Here's an example one that should work for your needs.

It takes four parameters:

  1. Bucket prefix
  2. ETL Subdirectory, matching the subdirectory you pass to Cumulus ETL
  3. KMS key ID for encryption
  4. Upload Role ARN, matching the user that runs Cumulus ETL

Once you create this CloudFormation stack, your infrastructure will be ready to run Cumulus ETL.

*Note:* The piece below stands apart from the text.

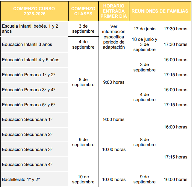 Se os proporcionarán las instrucciones precisas en la reunión de comienzo de curso, si bien la entrada del primer día se realizará en el campo de fútbol para todos los alumnos, que se dirigirán a la zona y cartel que indique su curso (los listados de clase se darán a conocer el día de las reuniones de padres).
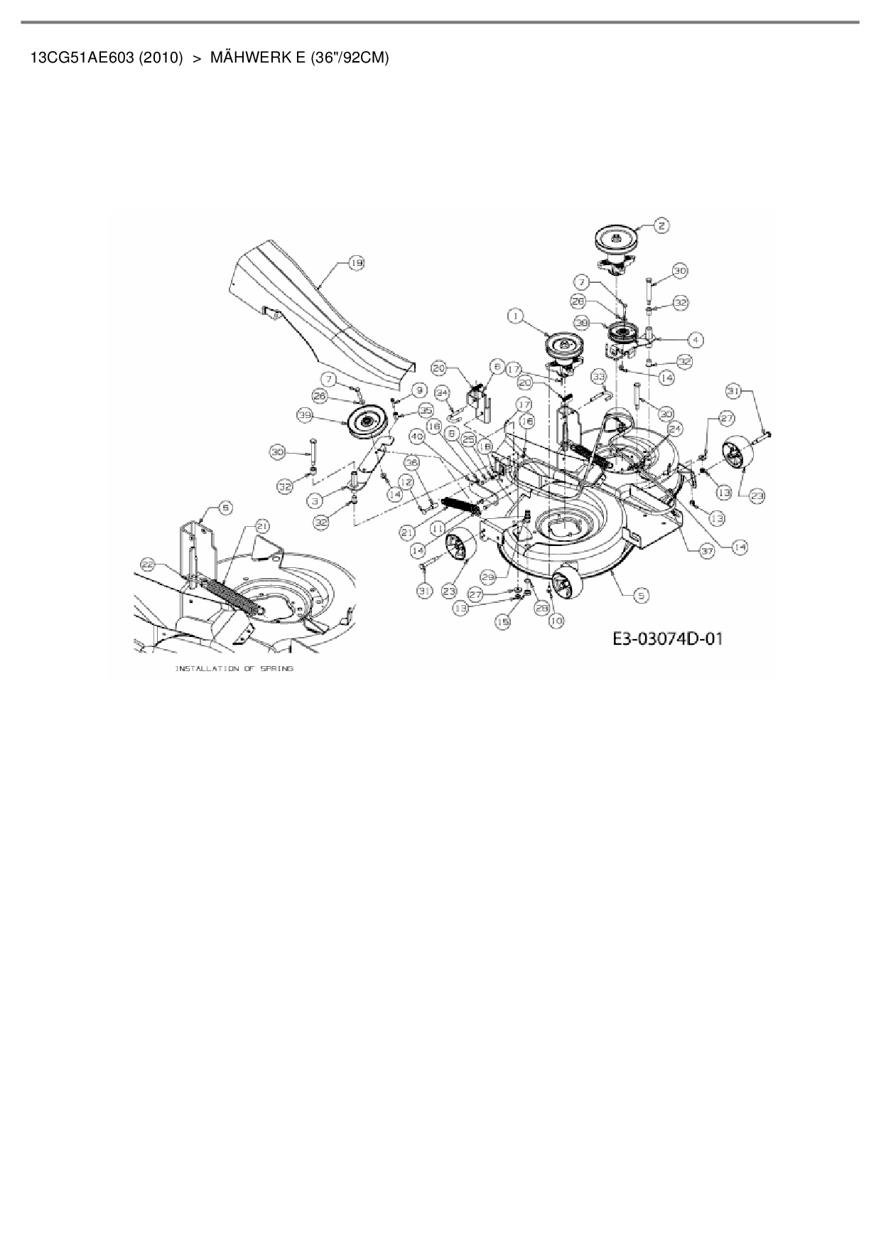 Ersatzteile für Rasentraktor Cub Cadet CC 1016 RD-E aus der Zeichnung Mähwerk E (36"/92cm):

AWSTemplateFormatVersion: 2010-09-09
Description: Create an Athena database for the Cumulus project

Parameters:
  BucketPrefix:
    Type: "String"
    Description: "Prefix for Cumulus bucket names (they will look like ${BucketPrefix}-${purpose}-${AWS::AccountId}-${AWS::Region})"
  EtlSubdir:
    Type: "String"
    Description: "Subdirectory on the Cumulus ETL output bucket where files will be placed. This should match the path you give when running Cumulus ETL. Using a subdirectory is recommended to allow for test runs of Cumulus ETL in different subdirectories and general future-proofing."
  KMSMasterKeyID:
    Type: "String"
    Description: "KMS key ID for Cumulus buckets"
  UploadRoleArn:
    Type: "String"
    Description: "ARN for role that is running Cumulus ETL and thus uploading files to S3"

Resources:
  ####################################################
  # S3 Buckets for raw Cumulus output
  ####################################################

  S3Bucket:
    Type: AWS::S3::Bucket
    Properties:
      BucketName: !Sub ${BucketPrefix}-${AWS::AccountId}-${AWS::Region}
      BucketEncryption:
        ServerSideEncryptionConfiguration:
          - ServerSideEncryptionByDefault:
              KMSMasterKeyID: !Ref KMSMasterKeyID
              SSEAlgorithm: aws:kms
      PublicAccessBlockConfiguration:
        BlockPublicAcls: True
        BlockPublicPolicy: True
        IgnorePublicAcls: True
        RestrictPublicBuckets: True

  S3BucketPolicy:
    Type: AWS::S3::BucketPolicy
    Properties:
      Bucket: !Ref S3Bucket
      PolicyDocument:
        Version: 2012-10-17
        Statement:
          - Sid: AWSBucketRequiresEncryption
            Effect: Deny
            Principal: "*"
            Action: s3:PutObject
            Resource: !Sub "arn:aws:s3:::${S3Bucket}/*"
            Condition:
              StringNotEquals:
                s3:x-amz-server-side-encryption: aws:kms
          - Sid: AWSBucketAllowUploads
            Effect: Allow
            Principal:
              AWS: !Ref UploadRoleArn
            Action:
              - s3:DeleteObject
              - s3:PutObject
            Resource: !Sub "arn:aws:s3:::${S3Bucket}/*"
          - Sid: AWSBucketAllowListing
            Effect: Allow
            Principal:
              AWS: !Ref UploadRoleArn
            Action:
              - s3:ListBucket
            Resource: !Sub "arn:aws:s3:::${S3Bucket}"

  PHIBucket:
    Type: AWS::S3::Bucket
    Properties:
      BucketName: !Sub ${BucketPrefix}-phi-${AWS::AccountId}-${AWS::Region}
      BucketEncryption:
        ServerSideEncryptionConfiguration:
          - ServerSideEncryptionByDefault:
              KMSMasterKeyID: !Ref KMSMasterKeyID
              SSEAlgorithm: aws:kms
      PublicAccessBlockConfiguration:
        BlockPublicAcls: True
        BlockPublicPolicy: True
        IgnorePublicAcls: True
        RestrictPublicBuckets: True

  PHIBucketPolicy:
    Type: AWS::S3::BucketPolicy
    Properties:
      Bucket: !Ref PHIBucket
      PolicyDocument:
        Version: 2012-10-17
        Statement:
          - Sid: AWSBucketRequiresEncryption
            Effect: Deny
            Principal: "*"
            Action: s3:PutObject
            Resource: !Sub "arn:aws:s3:::${PHIBucket}/*"
            Condition:
              StringNotEquals:
                s3:x-amz-server-side-encryption: aws:kms
          - Sid: AWSBucketAllowAccess
            Effect: Allow
            Principal:
              AWS: !Ref UploadRoleArn
            Action:
              - s3:GetObject
              - s3:PutObject
            Resource: !Sub "arn:aws:s3:::${PHIBucket}/*"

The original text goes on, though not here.